This page has been published but is subject to revision.

Introduction

OBJECTIVES : Create shell-executable scripts that convert a reference source database export file to a DarwinCore (DwC) Archive file.

Many online taxonomic databases currently provide regular structured exports of their data files. Each dataset, however, is output in a different data format. This inhibits integration and the development of tools and services that can act on the all.

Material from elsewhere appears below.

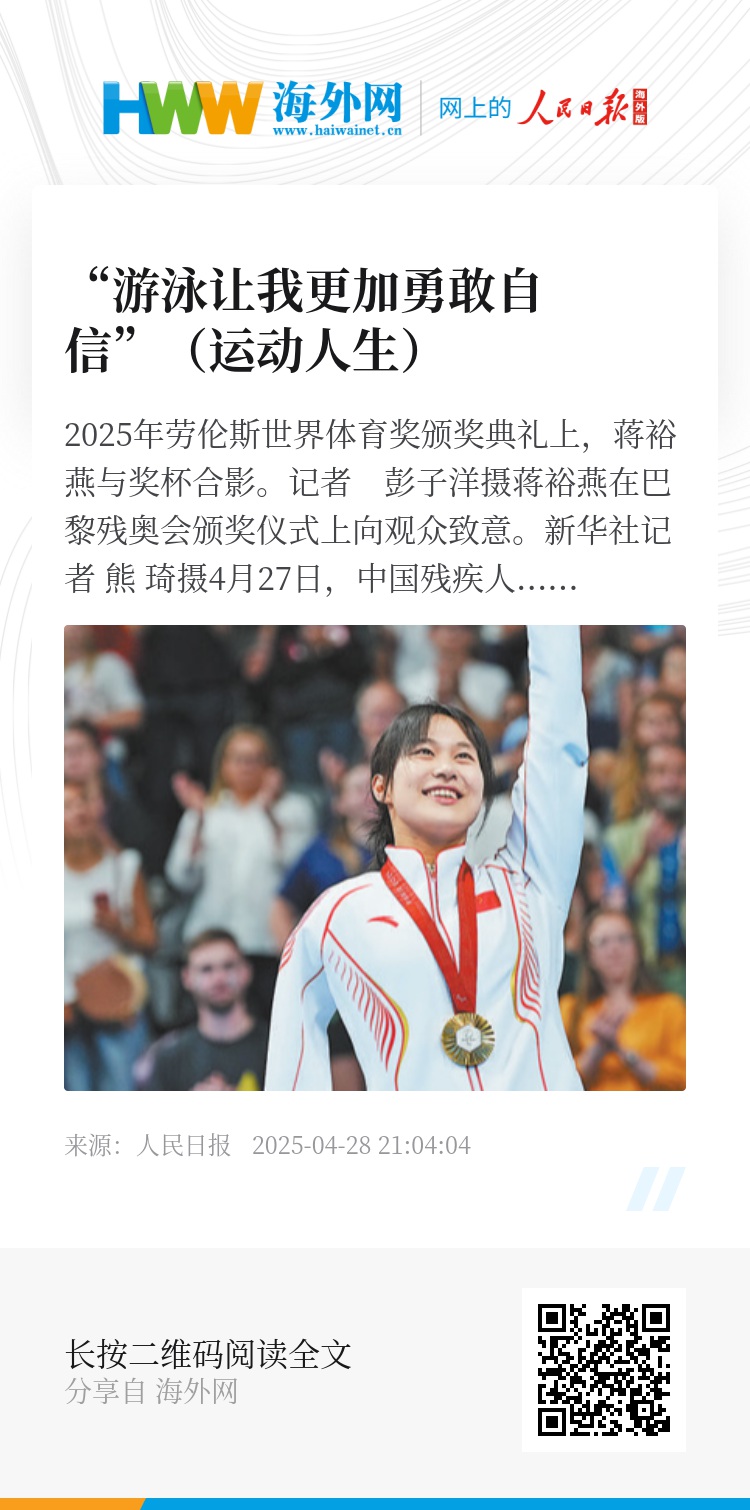 过几天,蒋裕燕又将回到训练场,准备接下来的一系列赛事。“我会继续专注于脚下的路,继续在泳池里坚持自己热爱的事情。”她说,“身体有残缺其实并不可怕,只要你不给自己设限,大胆去尝试、去想象,你能做到的远比想象的更多。”

This project is developing specific data transformation scripts that will convert the data files from their source formats to the GNA data format.

  1. DarwinCore terms located at http://rs.tdwg.org/dwc/terms/index.htm
These scripts are referred to in the context of this project as Darwin Core Adapters or DwC Adapters. They can be written in any programming language so long as they can be executed via a Unix command-line.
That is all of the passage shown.